START GIVEN DATA

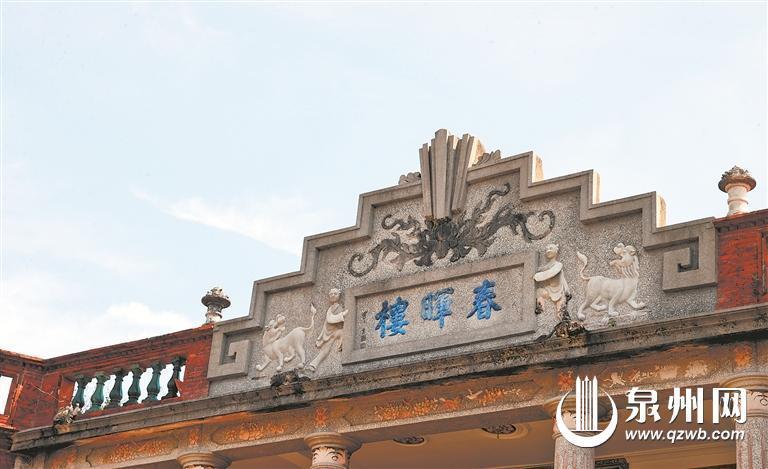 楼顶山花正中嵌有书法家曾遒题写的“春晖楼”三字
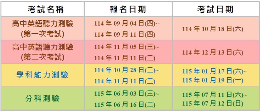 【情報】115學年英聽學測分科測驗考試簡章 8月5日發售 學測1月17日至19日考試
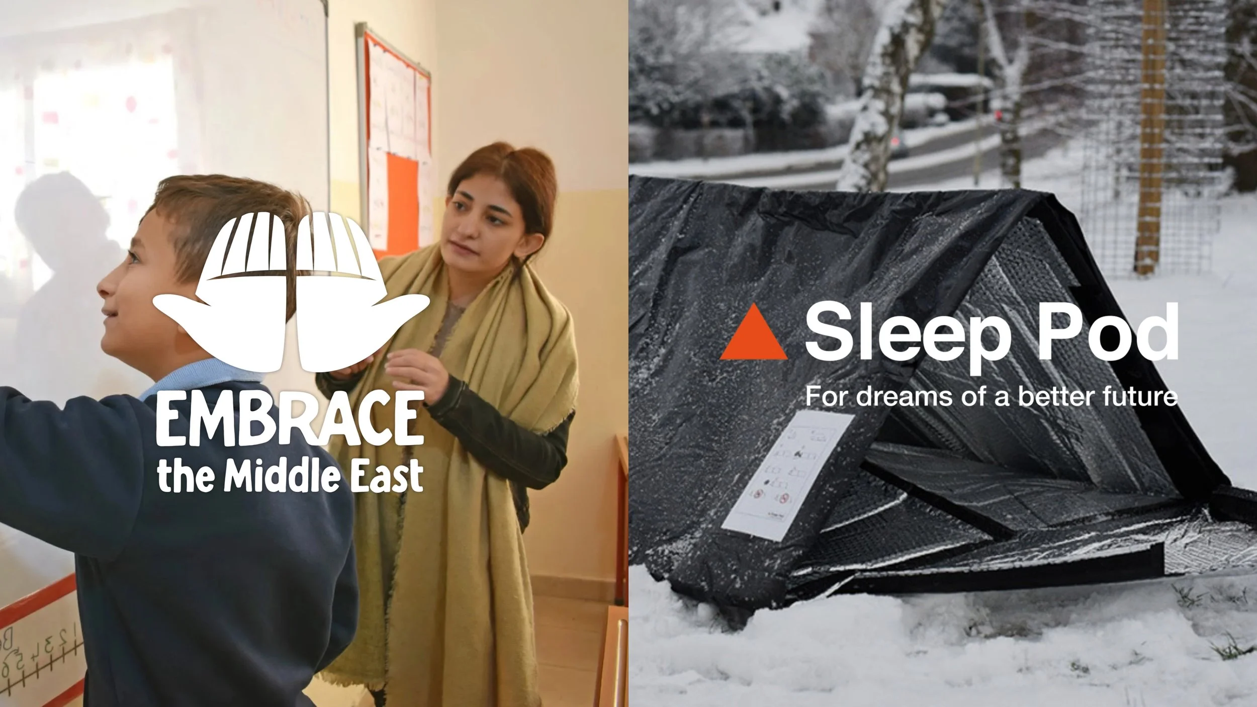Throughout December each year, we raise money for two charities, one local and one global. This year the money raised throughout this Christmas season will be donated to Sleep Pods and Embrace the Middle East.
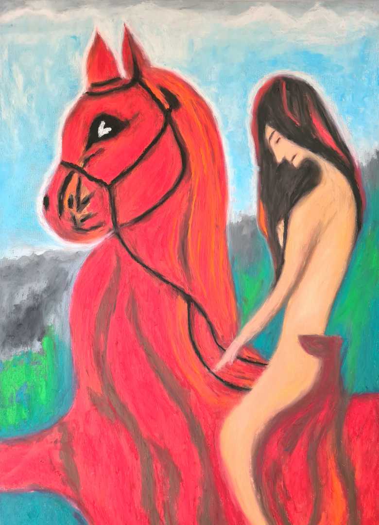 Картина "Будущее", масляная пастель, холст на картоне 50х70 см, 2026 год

END GIVEN DATA

ABOUT THIS EXERCISE
Without including a single picture, restate all of the data word for word.

RESPONSE TO THIS TASK
 楼顶山花正中嵌有书法家曾遒题写的“春晖楼”三字
 【情報】115學年英聽學測分科測驗考試簡章 8月5日發售 學測1月17日至19日考試
Throughout December each year, we raise money for two charities, one local and one global. This year the money raised throughout this Christmas season will be donated to Sleep Pods and Embrace the Middle East.
 Картина "Будущее", масляная пастель, холст на картоне 50х70 см, 2026 год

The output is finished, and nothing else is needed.